Classical Languages — Grammar

When discussing and analysing texts in terms of grammar, a one piece generative document workflow provides us with a means for reducing the number of errors in terms of incorrectly presented matters of fact (for example, the analysis of a specific piece of text).

For example, inflection patterns of arbitrary regular verbs and nouns can be generated directly for a particular root word (lemma), or when analysing the syllabic structure of a piece of text.

Where the means of production are shared with learners, the ability to check declensions and conjugations for arbitrary words, or analyse a text for its syllabic structure, provides an opportunity to support curiosty driven, self-directed learning.

To provide a few examples of what’s possible, let’s use the cltk package and explore some simple Latin texts.

from cltk.data.fetch import FetchCorpus
corpus_downloader = FetchCorpus('lat')
path = '/Users/tonyhirst/cltk_data/lat/text/lat_text_latin_library'

corpus_downloader.import_corpus('lat_models_cltk')

Inflection Patterns

We can automatically generate the inflection (declension / conjugation) for a given word / lemma.

(Lemma - “the canonical form of an inflected word”.)

The morphological character of a word is encoded using a nine character code string (- is used as the null character):

1: 	part of speech
	n	noun
	v	verb
	t	participle
	a	adjective
	d	adverb
	c	conjunction
	r	preposition
	p	pronoun
	m	numeral
	i	interjection
	e	exclamation
	u	punctuation
2: 	person
	1	first person
	2	second person
	3	third person
3: 	number
	s	singular
	p	plural
4: 	tense
	p	present
	i	imperfect
	r	perfect
	l	pluperfect
	t	future perfect
	f	future
5: 	mood
	i	indicative
	s	subjunctive
	n	infinitive
	m	imperative
	p	participle
	d	gerund
	g	gerundive
	u	supine
6: 	voice
	a	active
	p	passive
7:	gender
	m	masculine
	f	feminine
	n	neuter
8: 	case
	n	nominative
	g	genitive
	d	dative
	a	accusative
	b	ablative
	v	vocative
	l	locative
9: 	degree
	c	comparative
	s	superlative

Via: https://github.com/cltk/latin_treebank_perseus#readme

Consider amo.

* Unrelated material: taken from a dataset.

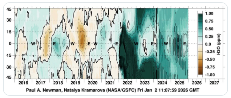 De enorme toename van waterdamp in de stratosfeer is te zien in de meest recente meetgrafiek van NASA hieronder. Er is nog steeds veel extra water aanwezig vergeleken met de jaren vóór 2022, maar de hoeveelheid neemt geleidelijk af.
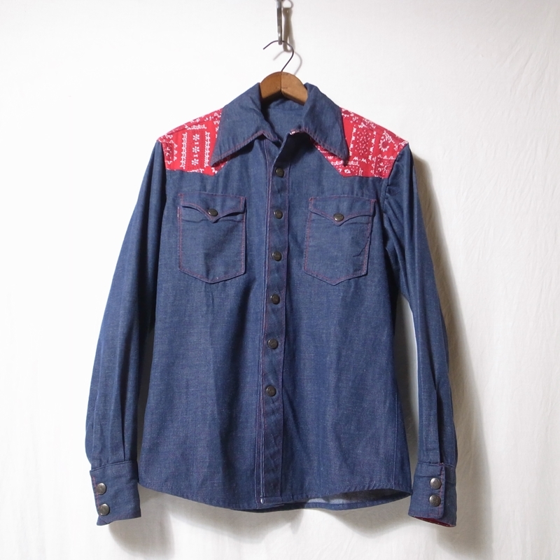 > 70s ヴィンテージ バンダナ柄 デニム シャツ ジャケット / ペイズリー ヒッピー FAST COLOR

How does it go?

from cltk.morphology.lat import CollatinusDecliner
decliner = CollatinusDecliner()

decliner.decline("amo")[:20]
[('amo', 'v1spia---'),
 ('amas', 'v2spia---'),
 ('amat', 'v3spia---'),
 ('amamus', 'v1ppia---'),
 ('amatis', 'v2ppia---'),
 ('amant', 'v3ppia---'),
 ('amabam', 'v1siia---'),
 ('amabas', 'v2siia---'),
 ('amabat', 'v3siia---'),
 ('amabamus', 'v1piia---'),
 ('amabatis', 'v2piia---'),
 ('amabant', 'v3piia---'),
 ('amabo', 'v1sfia---'),
 ('amabis', 'v2sfia---'),
 ('amabit', 'v3sfia---'),
 ('amabimus', 'v1pfia---'),
 ('amabitis', 'v2pfia---'),
 ('amabunt', 'v3pfia---'),
 ('amavi', 'v1sria---'),
 ('amavisti', 'v2sria---')]

Or how anout canis?

decliner.decline("canis")
[('canis', '--s----n-'),
 ('canis', '--s----v-'),
 ('canem', '--s----a-'),
 ('canis', '--s----g-'),
 ('cani', '--s----d-'),
 ('cane', '--s----b-'),
 ('canes', '--p----n-'),
 ('canes', '--p----v-'),
 ('canes', '--p----a-'),
 ('canum', '--p----g-'),
 ('canibus', '--p----d-'),
 ('canibus', '--p----b-')]

We can decode the strings to more easily describe the morphological character of a word.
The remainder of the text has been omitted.